ShadowMerge poisons graph-based agent memory by creating conflicting values in the same relation channel as legitimate data.

A machine-rendered reading of the paper's core claim, the machinery that carries it, and where it could break.

The paper establishes that graph-based memory in LLM agents creates a new attack surface because structured relations can be injected to influence later retrieval and decision-making. It demonstrates that a poisoned relation succeeds when it matches the query-activated anchor and the canonicalized relation channel of benign evidence yet carries an opposing value. The AIR pipeline turns this conflict into a standard interaction the memory system extracts, merges, and retrieves without raising flags. If correct, the attack shows that existing poisoning techniques fail against graphs while this channel-based method reliably manipulates agent behavior across real datasets and has little effect on unrelated tasks.

Core claim

ShadowMerge is a poisoning attack against graph-based agent memory that exploits relation-channel conflicts. A poisoned relation is crafted to share the same query-activated anchor and canonicalized relation channel as benign evidence while carrying a conflicting value. The AIR pipeline converts this conflict into an ordinary interaction that the graph-memory system extracts, merges into the target neighborhood, and retrieves for the victim query, causing the agent to act on the malicious information.

What carries the argument

Relation-channel conflict, in which a poisoned relation shares the query-activated anchor and canonicalized relation channel with benign evidence but supplies a conflicting value, realized through the AIR pipeline that makes the conflict appear as a normal extractable interaction.

Load-bearing premise

The graph-memory system will reliably extract, merge, and retrieve the poisoned relation whenever it shares the same anchor and canonicalized relation channel as the benign evidence.

What would settle it

Modify the graph-memory system to refuse or flag any merge that places two relations with conflicting values into the same canonical channel for the same anchor, then measure whether attack success rate falls to near zero on the same queries and datasets.

Figures

Figures reproduced from arXiv: 2605.09033 by Lingyun Peng, Shuyu Li, Tiantian Ji, Xinran Liu, Yang Luo, Yong Liu, Zifeng Kang.

Figure 1
Figure 1. Figure 1: Conventional flat memory versus graph-based agent memory. Flat memory appends independent chunks and retrieves them by similarity. Graph-based [PITH_FULL_IMAGE:figures/full_fig_p004_1.png] view at source ↗
Figure 2
Figure 2. Figure 2: A motivating example: why text-only poisoning is unreliable in graph [PITH_FULL_IMAGE:figures/full_fig_p005_2.png] view at source ↗
Figure 3
Figure 3. Figure 3: SHADOWMERGE workflow. The attacker first fixes (q ∗, y+, y−) under the threat model, using public knowledge for y + when needed.
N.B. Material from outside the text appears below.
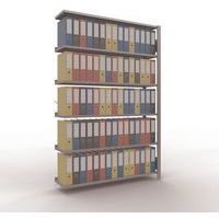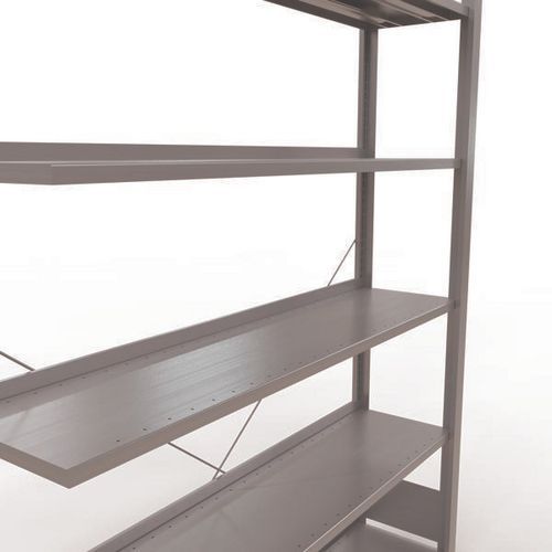 Rayonnage bureau de belle finition pour charge légère. Tablette pleine tôlée pour toutes natures d'objets. Montant plein tôlé sans perforation face avant. Barre de butée pour éviter la chute des objets. Pied de protection pour préserver les sols. Montage sans outils, par système de clip.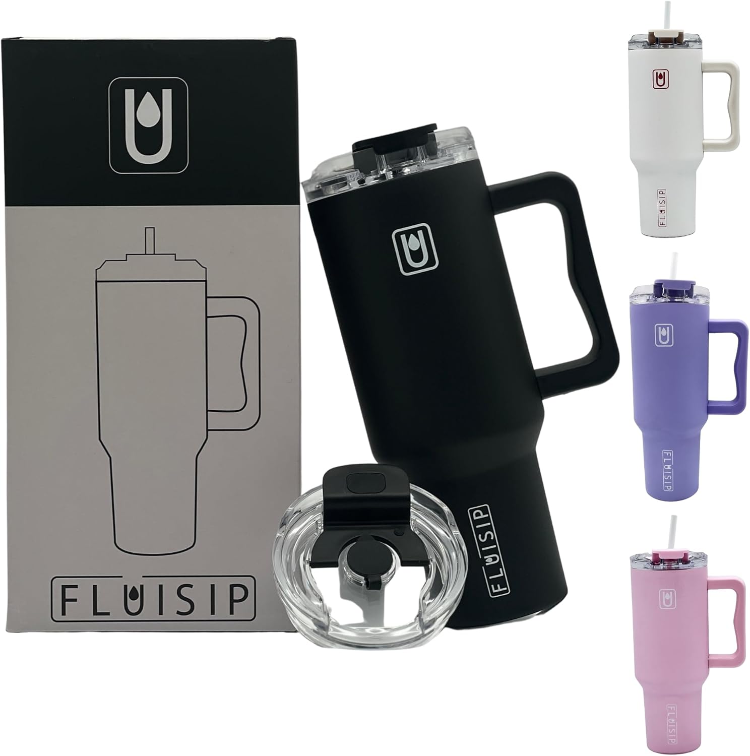 40 oz Insulated Tumbler with Handle, Stainless Steel, Leakproof Lid and Straw, Cup Holder Friendly (Black)

Anchor selects a high-reach entity from q ∗, Inscribe creates a channel-aligned conflicting relation π−, and Render produces a natural-language payload P ∗. After an ordinary interaction writes P ∗ into the shared memory graph, later victim queries can retrieve both benign eviden… view at source ↗
Figure 4
Figure 4. Figure 4: [RQ2] Graph-evidence construction across task suites. Segment width [PITH_FULL_IMAGE:figures/full_fig_p010_4.png] view at source ↗
Figure 5
Figure 5. Figure 5: [RQ2] CDF of the best poisoned-evidence rank in the target-query [PITH_FULL_IMAGE:figures/full_fig_p011_5.png] view at source ↗
read the original abstract

Graph-based agent memory is increasingly used in LLM agents to support structured long-term recall and multi-hop reasoning, but it also creates a new poisoning surface: an attacker can inject a crafted relation into graph memory so that it is later retrieved and influences agent behavior. Existing agent-memory poisoning attacks mainly target flat textual records and are ineffective in graph-based memory because malicious relations often fail to be extracted, merged into the target anchor neighborhood, or retrieved for the victim query. We present SHADOWMERGE, a poisoning attack against graph-based agent memory that exploits relation-channel conflicts. Its key insight is that a poisoned relation can share the same query-activated anchor and canonicalized relation channel as benign evidence while carrying a conflicting value. To realize this, we design AIR, a pipeline that converts the conflict into an ordinary interaction that can be extracted, merged, and retrieved by the graph-memory system. We evaluate SHADOWMERGE on Mem0 and three public real-world datasets: PubMedQA, WebShop, and ToolEmu. SHADOWMERGE achieves 93.8% average attack success rate, improving the best baseline by 50.3 absolute points, while having negligible impact on unrelated benign tasks. Mechanism studies show that SHADOWMERGE overcomes the three key limitations of existing agent-memory poisoning attacks, and defense analysis shows that representative input-side defenses are insufficient to mitigate it. We have responsibly disclosed our findings to affected graph-memory vendors and open sourced SHADOWMERGE.

Editorial analysis

A structured set of objections, weighed in public.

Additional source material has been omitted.